» **PROVIDED DATA**:

-------

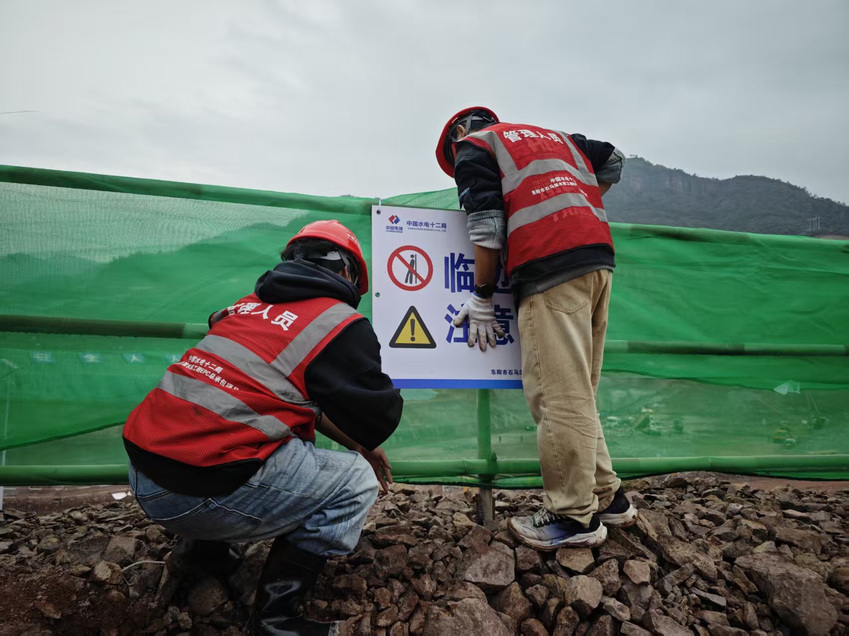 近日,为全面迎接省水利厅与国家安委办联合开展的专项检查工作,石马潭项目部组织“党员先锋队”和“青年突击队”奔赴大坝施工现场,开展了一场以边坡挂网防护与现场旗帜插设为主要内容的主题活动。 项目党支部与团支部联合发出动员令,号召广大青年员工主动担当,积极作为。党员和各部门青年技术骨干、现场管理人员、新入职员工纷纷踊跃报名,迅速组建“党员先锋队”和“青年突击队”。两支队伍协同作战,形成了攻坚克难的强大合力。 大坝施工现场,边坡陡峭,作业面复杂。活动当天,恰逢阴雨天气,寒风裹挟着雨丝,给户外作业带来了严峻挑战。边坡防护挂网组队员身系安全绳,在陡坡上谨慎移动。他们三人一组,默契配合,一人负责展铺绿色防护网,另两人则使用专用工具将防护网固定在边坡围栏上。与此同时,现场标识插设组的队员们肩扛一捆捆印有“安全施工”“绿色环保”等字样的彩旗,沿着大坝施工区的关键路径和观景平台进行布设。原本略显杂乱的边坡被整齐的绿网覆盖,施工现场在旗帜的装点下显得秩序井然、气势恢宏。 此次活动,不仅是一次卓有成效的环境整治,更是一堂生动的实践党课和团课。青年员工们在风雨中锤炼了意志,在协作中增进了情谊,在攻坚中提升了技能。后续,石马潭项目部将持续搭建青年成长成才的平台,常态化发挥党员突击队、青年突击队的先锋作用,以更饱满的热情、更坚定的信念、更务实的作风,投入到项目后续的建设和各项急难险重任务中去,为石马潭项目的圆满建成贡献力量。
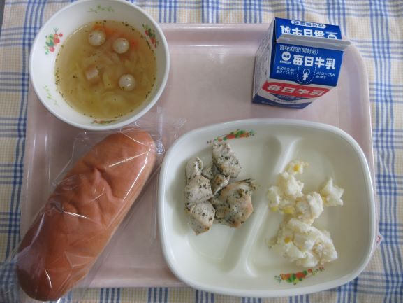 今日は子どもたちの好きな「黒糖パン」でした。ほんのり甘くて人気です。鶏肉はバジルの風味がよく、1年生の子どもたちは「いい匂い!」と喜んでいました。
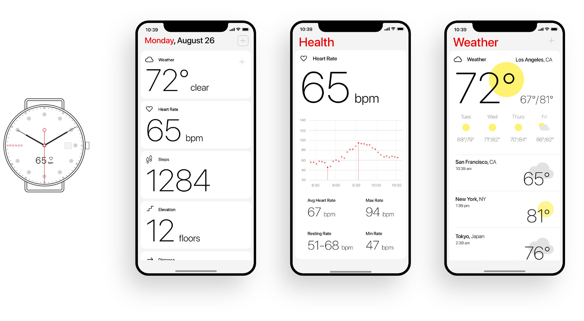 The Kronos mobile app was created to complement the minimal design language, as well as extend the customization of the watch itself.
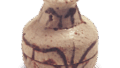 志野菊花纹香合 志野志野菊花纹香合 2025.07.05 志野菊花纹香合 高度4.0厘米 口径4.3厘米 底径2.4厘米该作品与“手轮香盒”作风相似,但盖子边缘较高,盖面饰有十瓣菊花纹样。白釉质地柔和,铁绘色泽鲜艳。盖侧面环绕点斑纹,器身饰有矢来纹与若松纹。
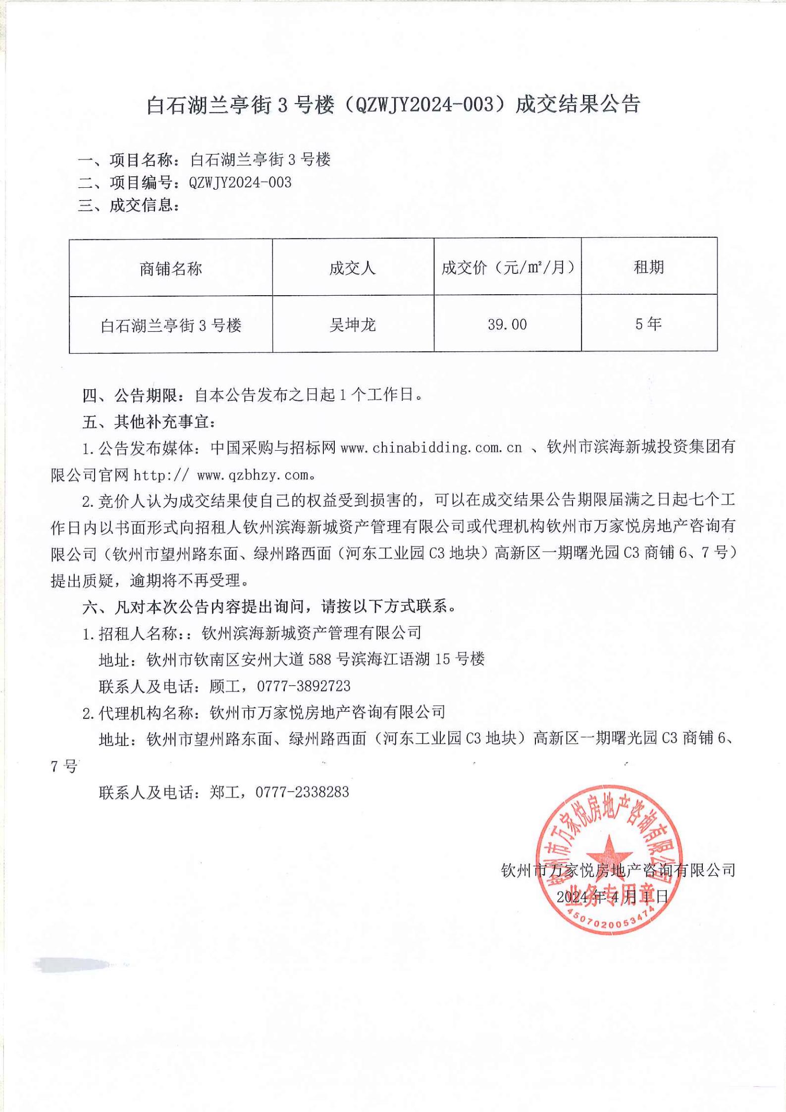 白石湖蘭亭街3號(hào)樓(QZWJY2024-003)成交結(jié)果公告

-------

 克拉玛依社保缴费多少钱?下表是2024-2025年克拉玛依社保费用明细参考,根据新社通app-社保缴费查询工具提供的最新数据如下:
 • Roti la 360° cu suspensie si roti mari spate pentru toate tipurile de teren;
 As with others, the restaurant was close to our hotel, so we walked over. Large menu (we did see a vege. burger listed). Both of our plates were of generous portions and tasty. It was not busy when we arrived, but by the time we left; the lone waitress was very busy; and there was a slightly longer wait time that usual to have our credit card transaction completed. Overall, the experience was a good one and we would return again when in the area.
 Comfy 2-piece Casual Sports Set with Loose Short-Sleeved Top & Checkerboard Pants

-------

» **TASK INSTRUCTIONS**:
What lines in the data above contain the word "with"? Show them all.

» **YOUR SOLUTION**:
 As with others, the restaurant was close to our hotel, so we walked over. Large menu (we did see a vege. burger listed). Both of our plates were of generous portions and tasty. It was not busy when we arrived, but by the time we left; the lone waitress was very busy; and there was a slightly longer wait time that usual to have our credit card transaction completed. Overall, the experience was a good one and we would return again when in the area.
 Comfy 2-piece Casual Sports Set with Loose Short-Sleeved Top & Checkerboard Pants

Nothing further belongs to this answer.